Nella nostra prima notte di nozze, quando ho guardato “là sotto”, sono rimasta inorridita e finalmente ho capito perché i genitori di mio marito mi avevano regalato una casa e una macchina, pur di convincermi a sposare loro figlio.

Nella nostra prima notte di nozze, quando ho guardato “là sotto”, sono rimasta
inorridita e finalmente ho capito perché i genitori di mio marito mi avevano
regalato una casa e una macchina, pur di convincermi a sposare loro figlio.

Ho conosciuto Mark tramite amici comuni. A dire il vero, all’inizio non lo
prendevo sul serio. Mi sembrava di essere ancora troppo giovane per il
matrimonio: avevo davanti a me la vita, i progetti, la libertà. Non avevo fretta
di legarmi.

Ma Mark si è rivelato una persona di cui è difficile non fidarsi. Calmo,
educato, attento. Non alzava mai la voce, sapeva ascoltare e si comportava
sempre con dignità. Accanto a lui ci si sentiva tranquilli. Pian piano questa
sicurezza si è trasformata in affetto e poi nella decisione di sposarlo.

L’unica cosa che mi turbava fin dall’inizio erano i suoi genitori. Erano troppo
generosi. Già prima del matrimonio avevano promesso di regalarmi una casa, una
macchina e una grossa somma di denaro, se avessi accettato di diventare la moglie
di loro figlio. Allora mi sembrava strano, ma ho deciso che semplicemente si
preoccupavano per Mark e volevano garantirgli il futuro. La loro famiglia era
influente e rispettata, e non ho cercato secondi fini dove pensavo non ce ne
fossero.

La sera dopo il matrimonio siamo rimasti soli. La stanza era silenziosa,
illuminata da una luce soffusa. Mark stava accanto a me in camicia bianca,
visibilmente teso, come se stesse rimandando una conversazione inevitabile.
Quando ho abbassato lo sguardo e ho guardato “là”, tutto è diventato chiaro.

Con orrore ho capito perché i suoi genitori mi avevano dato tutti quei beni per
farmi sposare loro figlio.

Ho urlato dall’orrore vedendo questo…

Mi sono tirata indietro e ho urlato — non per paura, ma per la improvvisa
consapevolezza di ciò in cui ero stata coinvolta.

Mark non era come gli uomini che avevo conosciuto prima.

Mi ha fermata subito.
— Ti prego, non gridare, — ha detto piano. — Ti spiegherò tutto.

Parlava lentamente, come se si fosse preparato da tempo a quella conversazione.

Da bambino aveva avuto un incidente, dopo il quale aveva perso per sempre la
possibilità di avere figli. Nella sua famiglia questo equivaleva alla vergogna.

I suoi genitori non potevano permettere che la società scoprisse la verità.
Avevano bisogno di una moglie per il figlio — ufficiale, rispettabile, senza
scandali né domande.

— Non sono come gli altri uomini, — disse direttamente. — E non potrò mai esserlo.
Ma avevo bisogno di una moglie. Non per amore. Per la reputazione della famiglia.

Poi mi propose un accordo. Io avrei avuto una vita agiata, protezione, status e
libertà all’interno del matrimonio.
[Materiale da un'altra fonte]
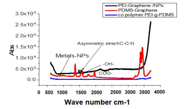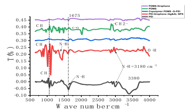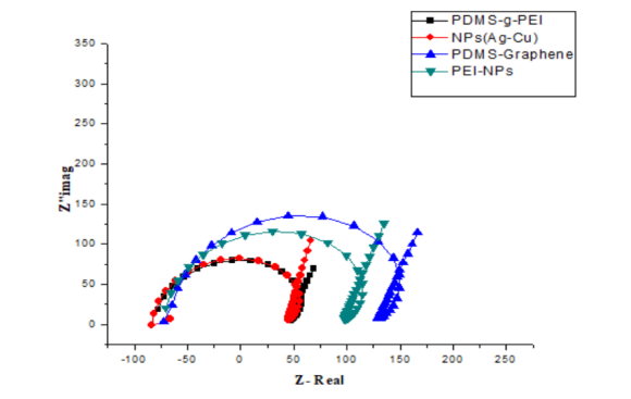 我們的工作旨在制造一種獨特的聚合物,用作導(dǎo)電和柔性芯片天線。它兼具是堅韌性,剛性,可拉伸性和良好的導(dǎo)電性等性能。制備的復(fù)合材料由兩種共聚物—聚二甲基硅氧烷(PDMS)和聚乙烯亞胺(PEI)—組成,與納米金屬(銅,銀)和石墨烯納米粒子組裝成基質(zhì)。納米金屬填充層間空間,聚合物空隙增強交聯(lián)劑。石墨烯/金屬納米粒子有助于通過金屬鍵制備螯合物,將聚合物的電導(dǎo)率從1.87×10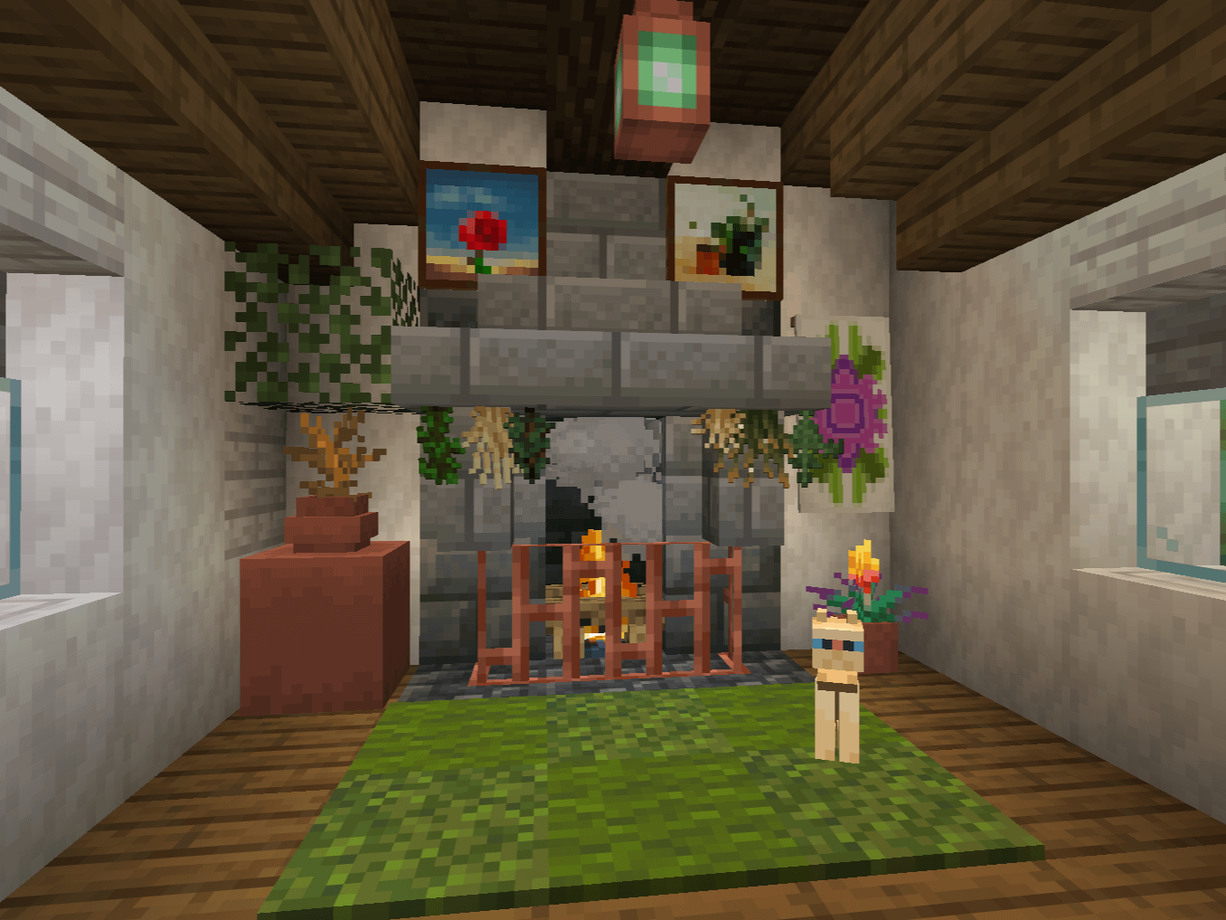 The herbs are hung using invisible armor stands with Statues datapack from Vanilla Tweaks. It was a bit tricky to place them so close together, but I’m really happy with how natural they ended up looking.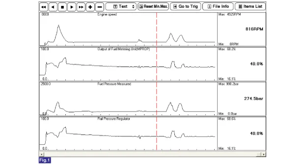 Fig.1) Forma de onda de la válvula del regulador de presión del combustible a ralentí.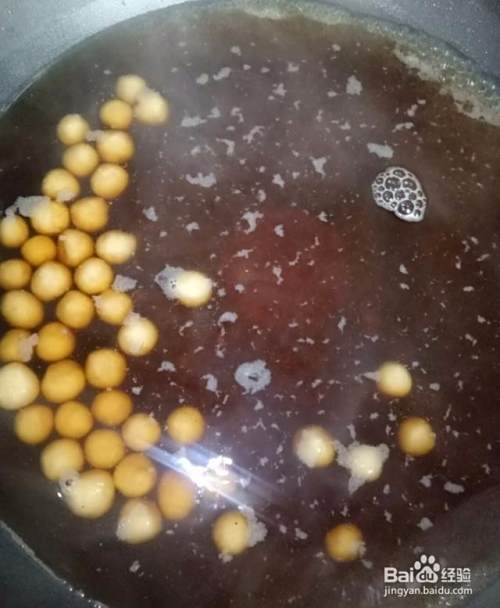 第四步、把圆球下入锅中的红糖水中煮15分钟左右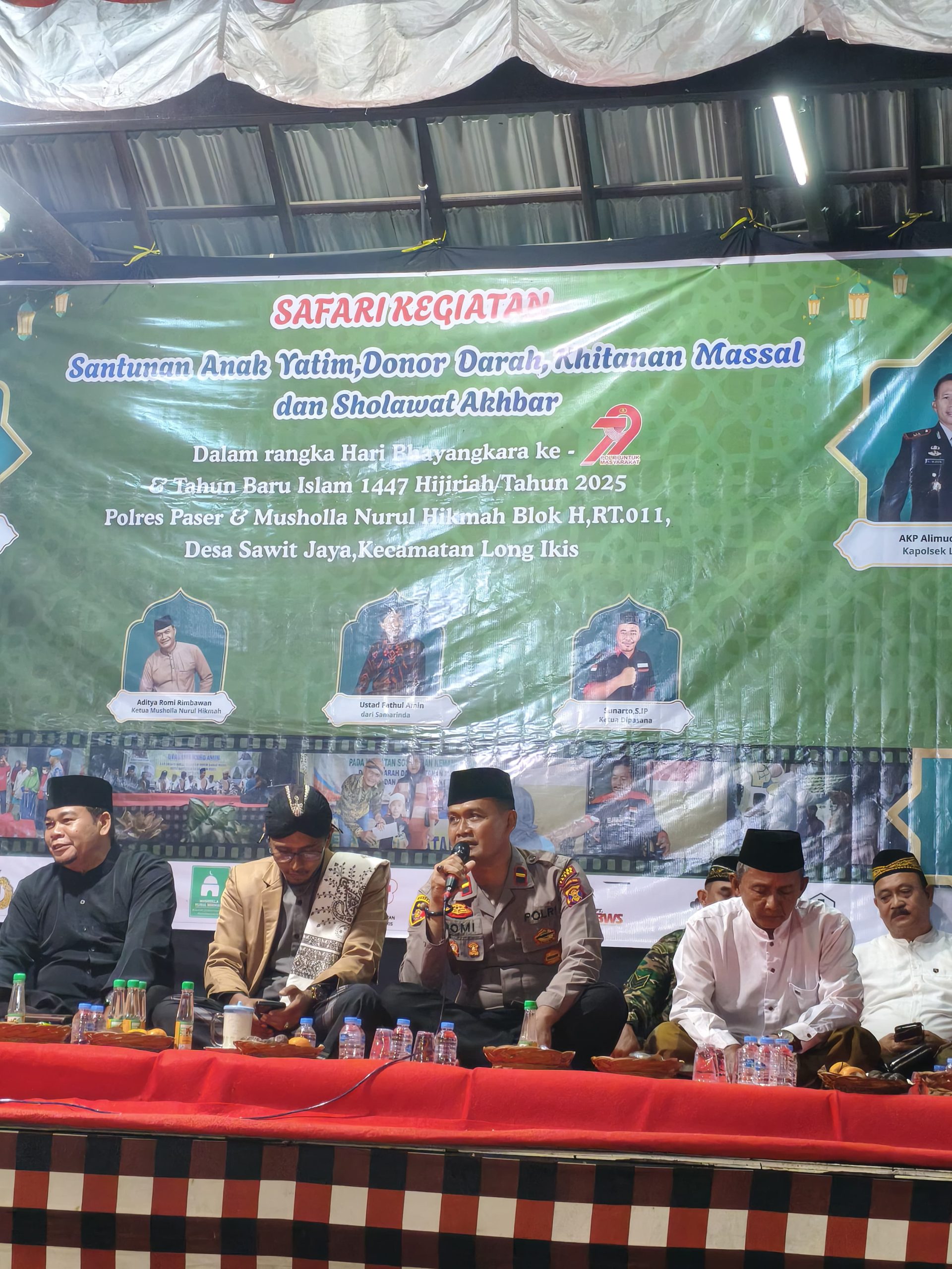 Dalam rangka memperingati Hari Bhayangkara ke-79 dan menyambut Tahun Baru Islam 1447 H, Polres Paser bersama Polsek Long Ikis menggelar kegiatan Sholawat Akbar yang berlangsung khidmat dan penuh semangat kebersamaan di Desa Sawit Jaya, Kecamatan Long Ikis, Kamis malam (26/6/2025).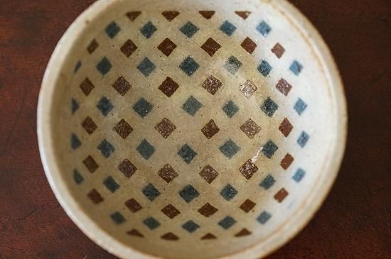 牧谷窯 丸鉢(小)ブルー&ブラウン・ブロック 506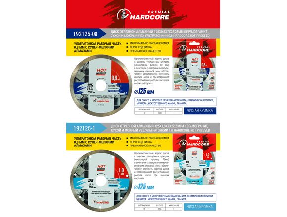 Диск алмазный Сплошной HARDCORE PREMIAL УЛЬТРАТОНКИЙ 125*0,8мм,керамогранит (1/10)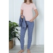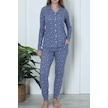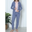 Kadın Pijama Uzun Kollu Düğmeli Pijama Takımı Cepli Pamuk 3 Lü Takım Kısa Kollu Indıgo İndigo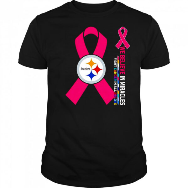 We believe in miracles fight cancer in all colors Pittsburgh Steelers shirt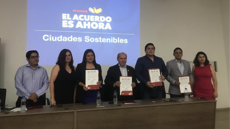 En el marco de la presentación del Acuerdo Nacional sobre Ciudades Sostenibles, que tuvo lugar en Salinas, provincia de Santa Elena, se realizó la firma del Acta de compromisos entre los Gobiernos Autónomos Descentralizados de Salinas, La Libertad y Santa Elena para la implementación de la Mancomunidad de Santa Elena con el objetivo de establecer mecanismos conjuntos de gestión integral de desechos sólidos.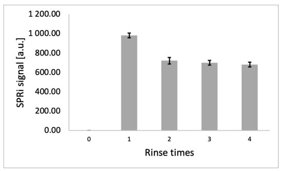 Selecting the rinse frequency prevents washing of the desired adsorbed molecules from the layers. This allows us to determine whether they are immobilized on the surface despite the use of PBS buffer. Washing is an essential step that removes unbound molecules, which may interfere with the final analytical result, from the sample matrix. To establish whether washing disrupts the structure of the adsorbed layers, the resulting SPRi signal is compared. If its value decreases or increases after washing, we observe an adverse effect of the PBS buffer on the deposited layers. To investigate the effect of rinsing on the signal obtained, an antibody was immobilized on the surface of a gold chip at Γ= 1.89 × 10−14 mol/mm2. After completing this procedure, data acquisition for the antibody layer was performed. A standard YKL-40 solution at a concentration of 10 ng/mL was then applied to the chip at each measurement site of the sensor. After 10 min, the excess YKL-40 solution was removed from the chip surface, and the chip was washed once with PBS buffer. The measurement was then performed. These steps were repeated for four rinses of the measurement surfaces. The results obtained are presented in Figure 5. The error bars shown in the figure represent the standard deviation from four independent replicates. The low standard deviations confirm the repeatability of the results (mean SD = 20.90 a.u.).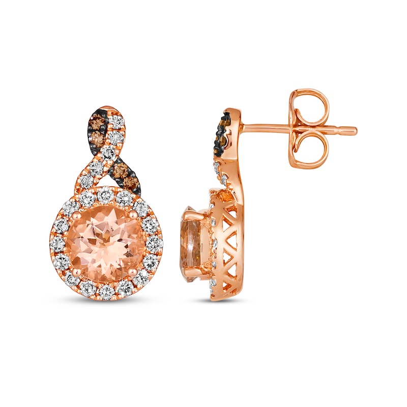 Each of these luscious Le Vian® earrings from the KAY exclusive Chocolate Twist™ collection showcases an exquisite round-cut Peach Morganite™ wrapped in a halo of round Nude Diamonds™. Ribbons of round Chocolate Diamonds® and round Nude Diamonds™ interweave up the twisted design, which is crafted in sweet 14K Strawberry Gold®. The earrings have a total diamond weight of 3/8 carat and secure with friction backs. Le Vian®. Discover the Legend.

Lui — una moglie per la società. Nessun
obbligo tra noi, tranne l’apparenza di benessere. Se avessi voluto dei figli —
avremmo potuto adottarli.

Ero seduta sul bordo del letto, stringendo le mani, e capivo che in una sola
sera la mia vita aveva preso una direzione completamente diversa da quella che
mi aspettavo. Davanti a me non c’era una scelta tra “sì” e “no”, ma una decisione
che avrebbe determinato tutto il mio futuro.

E non sapevo cosa rispondere.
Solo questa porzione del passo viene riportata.